According to the Judiciary’s 2024/25 Performance Management and Measurement Understanding (PMMU) report, courts resolved 647,686 cases against 621,425 new filings, achieving a case clearance rate of 104 per cent, meaning more cases were concluded than were filed during the year.
The national backlog also fell by 27 per cent, from 272,678 pending cases to 244,267.
For an institution that has long battled criticism over delays, those figures represent measurable progress.
However, the statistics only provide a partial view of the situation.
Outside the Judiciary’s annual reports lies another reality, the one experienced daily by litigants and lawyers.
Court corridors remain crowded before sunrise. Benches overflow with people clutching dog-eared files.
Advocates shuffle between courtrooms, only to discover that hearings have been postponed or judgements deferred.
For many Kenyans, justice remains measured not by national clearance rates but by the number of times they are told to return another day.
Chief Justice Koome acknowledges that challenge.
While unveiling the report, she said increasing caseloads, inadequate infrastructure, shortages of judges and judicial staff, ICT constraints, and rising demand for judicial services continue to weigh heavily on the courts.
Public Confidence
She argued that public confidence has increased, bringing more people into the justice system and placing additional pressure on already stretched institutions.
Her prescription is a greater investment.
The Judiciary is pushing for more judges and magistrates; expanded court infrastructure; accelerated digitisation through the Integrated Case Management System, e-filing, and virtual courts, and stronger governance systems.
But critics argue that efficiency is not solely about resources.
The judges/magistrates annual performance report which was to be released this month is facing almighty bush back and resistance from judges. The report makes some shocking and unbelievable statistics. It shows a judiciary that is rudderless and in total ruins. Some judges are…
— Ahmednasir Abdullahi SC (@ahmednasirlaw) July 3, 2026
It is also about accountability.
That may explain why one of the most consequential announcements made by the chief justice received relatively little attention.
Data-backed Individual Performance
Beginning this month, the Judiciary will publish individual performance reports for judges and judicial officers, a move designed to strengthen transparency, accountability, and public confidence.

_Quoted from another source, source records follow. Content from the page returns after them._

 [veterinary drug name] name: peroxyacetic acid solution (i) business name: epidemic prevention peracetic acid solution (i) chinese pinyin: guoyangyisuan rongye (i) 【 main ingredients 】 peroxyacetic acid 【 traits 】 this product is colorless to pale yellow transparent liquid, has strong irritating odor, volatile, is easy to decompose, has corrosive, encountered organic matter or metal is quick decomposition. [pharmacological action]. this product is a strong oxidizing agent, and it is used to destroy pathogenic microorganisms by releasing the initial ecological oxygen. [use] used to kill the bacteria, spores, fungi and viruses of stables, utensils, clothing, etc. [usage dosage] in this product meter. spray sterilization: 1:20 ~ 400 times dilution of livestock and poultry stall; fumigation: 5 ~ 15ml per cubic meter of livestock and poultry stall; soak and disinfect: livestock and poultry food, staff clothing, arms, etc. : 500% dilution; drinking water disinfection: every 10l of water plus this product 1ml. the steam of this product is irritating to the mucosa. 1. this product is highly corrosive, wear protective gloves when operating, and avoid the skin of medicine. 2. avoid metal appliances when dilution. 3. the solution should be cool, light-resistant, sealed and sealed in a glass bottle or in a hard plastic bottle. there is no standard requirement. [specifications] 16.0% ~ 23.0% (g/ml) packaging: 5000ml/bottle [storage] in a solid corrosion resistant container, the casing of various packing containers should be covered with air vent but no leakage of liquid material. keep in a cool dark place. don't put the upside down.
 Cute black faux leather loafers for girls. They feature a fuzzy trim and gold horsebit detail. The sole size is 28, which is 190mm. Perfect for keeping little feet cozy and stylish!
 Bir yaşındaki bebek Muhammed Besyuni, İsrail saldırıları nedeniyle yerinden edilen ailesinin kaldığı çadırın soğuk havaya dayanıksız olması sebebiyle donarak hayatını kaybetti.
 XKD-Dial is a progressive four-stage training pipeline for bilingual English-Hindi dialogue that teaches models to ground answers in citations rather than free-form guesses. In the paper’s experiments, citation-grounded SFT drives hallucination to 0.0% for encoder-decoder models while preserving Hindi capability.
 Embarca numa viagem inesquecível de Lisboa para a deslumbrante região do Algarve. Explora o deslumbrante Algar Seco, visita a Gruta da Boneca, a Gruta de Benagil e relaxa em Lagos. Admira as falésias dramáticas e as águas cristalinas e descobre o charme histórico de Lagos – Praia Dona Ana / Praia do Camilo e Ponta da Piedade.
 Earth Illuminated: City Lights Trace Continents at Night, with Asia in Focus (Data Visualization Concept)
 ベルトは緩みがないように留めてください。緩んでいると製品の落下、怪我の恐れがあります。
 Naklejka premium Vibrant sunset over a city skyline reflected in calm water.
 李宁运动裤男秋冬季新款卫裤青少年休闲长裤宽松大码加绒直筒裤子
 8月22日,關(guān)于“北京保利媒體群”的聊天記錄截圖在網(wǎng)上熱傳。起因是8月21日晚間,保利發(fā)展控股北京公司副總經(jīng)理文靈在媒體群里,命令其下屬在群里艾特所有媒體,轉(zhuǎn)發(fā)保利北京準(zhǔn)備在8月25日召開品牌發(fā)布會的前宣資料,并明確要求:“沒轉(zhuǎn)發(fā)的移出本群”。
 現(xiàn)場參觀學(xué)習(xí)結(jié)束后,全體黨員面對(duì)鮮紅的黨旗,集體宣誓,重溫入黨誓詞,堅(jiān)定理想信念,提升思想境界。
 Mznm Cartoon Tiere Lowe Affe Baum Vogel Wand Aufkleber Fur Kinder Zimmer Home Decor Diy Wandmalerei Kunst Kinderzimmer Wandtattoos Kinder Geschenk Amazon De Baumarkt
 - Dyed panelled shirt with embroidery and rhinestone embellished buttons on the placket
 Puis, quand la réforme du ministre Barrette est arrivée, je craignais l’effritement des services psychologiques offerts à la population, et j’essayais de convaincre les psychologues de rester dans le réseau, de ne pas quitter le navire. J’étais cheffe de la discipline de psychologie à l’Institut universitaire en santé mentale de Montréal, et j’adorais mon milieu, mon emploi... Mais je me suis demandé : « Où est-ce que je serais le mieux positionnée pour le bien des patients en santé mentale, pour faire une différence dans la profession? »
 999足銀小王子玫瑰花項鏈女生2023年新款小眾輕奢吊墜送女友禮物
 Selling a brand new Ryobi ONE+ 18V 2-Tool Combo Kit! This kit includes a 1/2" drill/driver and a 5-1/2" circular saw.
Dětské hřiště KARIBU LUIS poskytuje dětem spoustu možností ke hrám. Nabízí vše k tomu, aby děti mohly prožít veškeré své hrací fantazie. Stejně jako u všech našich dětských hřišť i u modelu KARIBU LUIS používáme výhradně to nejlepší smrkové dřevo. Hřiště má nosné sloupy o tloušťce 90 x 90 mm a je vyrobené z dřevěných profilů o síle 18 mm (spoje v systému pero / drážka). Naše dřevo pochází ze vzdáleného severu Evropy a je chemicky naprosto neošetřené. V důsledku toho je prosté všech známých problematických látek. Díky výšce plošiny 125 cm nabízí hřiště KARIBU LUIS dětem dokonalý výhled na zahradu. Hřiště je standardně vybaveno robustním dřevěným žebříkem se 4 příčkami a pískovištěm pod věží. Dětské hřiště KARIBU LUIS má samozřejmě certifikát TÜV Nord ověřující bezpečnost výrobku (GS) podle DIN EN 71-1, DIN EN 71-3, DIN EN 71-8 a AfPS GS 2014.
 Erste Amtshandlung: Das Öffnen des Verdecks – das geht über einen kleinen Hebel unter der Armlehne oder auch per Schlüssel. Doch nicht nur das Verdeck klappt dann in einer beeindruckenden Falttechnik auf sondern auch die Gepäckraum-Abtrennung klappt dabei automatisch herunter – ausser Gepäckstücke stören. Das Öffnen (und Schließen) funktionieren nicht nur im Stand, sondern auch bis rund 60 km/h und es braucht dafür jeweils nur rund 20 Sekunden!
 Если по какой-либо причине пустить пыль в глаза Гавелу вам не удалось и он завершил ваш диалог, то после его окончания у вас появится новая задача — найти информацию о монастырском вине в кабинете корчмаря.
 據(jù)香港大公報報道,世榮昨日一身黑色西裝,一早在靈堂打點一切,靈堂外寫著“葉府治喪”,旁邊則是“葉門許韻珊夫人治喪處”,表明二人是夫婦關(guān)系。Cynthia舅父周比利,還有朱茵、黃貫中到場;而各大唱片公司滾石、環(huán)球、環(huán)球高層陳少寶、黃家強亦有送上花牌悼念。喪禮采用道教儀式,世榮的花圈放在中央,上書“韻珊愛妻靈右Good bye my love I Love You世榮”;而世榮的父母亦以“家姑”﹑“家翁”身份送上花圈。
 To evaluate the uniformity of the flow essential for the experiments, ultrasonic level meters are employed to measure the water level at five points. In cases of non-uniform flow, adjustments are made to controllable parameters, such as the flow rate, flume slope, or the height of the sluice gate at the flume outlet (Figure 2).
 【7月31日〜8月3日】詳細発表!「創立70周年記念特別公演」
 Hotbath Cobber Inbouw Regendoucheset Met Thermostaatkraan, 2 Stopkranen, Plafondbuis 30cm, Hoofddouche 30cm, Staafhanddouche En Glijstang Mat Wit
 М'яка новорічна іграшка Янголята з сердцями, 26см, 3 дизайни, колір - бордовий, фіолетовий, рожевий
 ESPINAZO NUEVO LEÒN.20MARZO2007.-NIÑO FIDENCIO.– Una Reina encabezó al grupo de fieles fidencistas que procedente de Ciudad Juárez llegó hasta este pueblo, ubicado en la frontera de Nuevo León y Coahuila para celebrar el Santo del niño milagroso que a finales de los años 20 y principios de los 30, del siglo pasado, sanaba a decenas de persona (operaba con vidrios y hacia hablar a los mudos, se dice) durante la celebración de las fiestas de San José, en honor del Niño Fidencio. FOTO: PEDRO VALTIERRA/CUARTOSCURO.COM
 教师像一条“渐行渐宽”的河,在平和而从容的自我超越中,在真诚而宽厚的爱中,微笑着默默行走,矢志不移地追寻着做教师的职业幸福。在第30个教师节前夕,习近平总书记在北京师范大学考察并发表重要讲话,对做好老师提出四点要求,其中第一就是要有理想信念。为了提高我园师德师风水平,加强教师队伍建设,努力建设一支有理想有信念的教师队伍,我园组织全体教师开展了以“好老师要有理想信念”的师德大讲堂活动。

The reports will undergo verification before publication and are expected to provide, for the first time, a clearer picture of judicial output across the country.
For many observers, the initiative could shift the conversation from anecdote to evidence.
If implemented consistently, performance data could help distinguish courts overwhelmed by workload from those hampered by inefficiency.
It may also provide policymakers with a firmer basis for deciding whether the solution lies in recruiting more judicial officers, improving management systems, or reforming court processes.
That distinction matters.
Alternative Dispute Resolution
Kenya’s justice system has undergone significant reforms since the 2010 Constitution, including vetting judges, expanding court stations, embracing digital filing, and introducing alternative dispute resolution mechanisms to reduce pressure on traditional courts.
Yet public confidence is shaped less by institutional milestones than by personal experience.
A delayed succession cause can keep families divided for years. A stalled commercial dispute can freeze investments and jobs.
A postponed criminal trial prolongs uncertainty for victims and accused persons alike.
Every adjournment carries a human cost rarely reflected in annual reports.
The Judiciary’s own figures suggest progress is being made.
READ ALSO: “Come Back Next Year”: The Slow Death of Justice in Kenya’s Courts
The frustrations voiced daily by litigants suggest much work remains.
Bridging that gap may ultimately determine whether Kenyans measure justice by performance reports or by what happens when they walk into a courtroom carrying a file and hoping, finally, to be heard.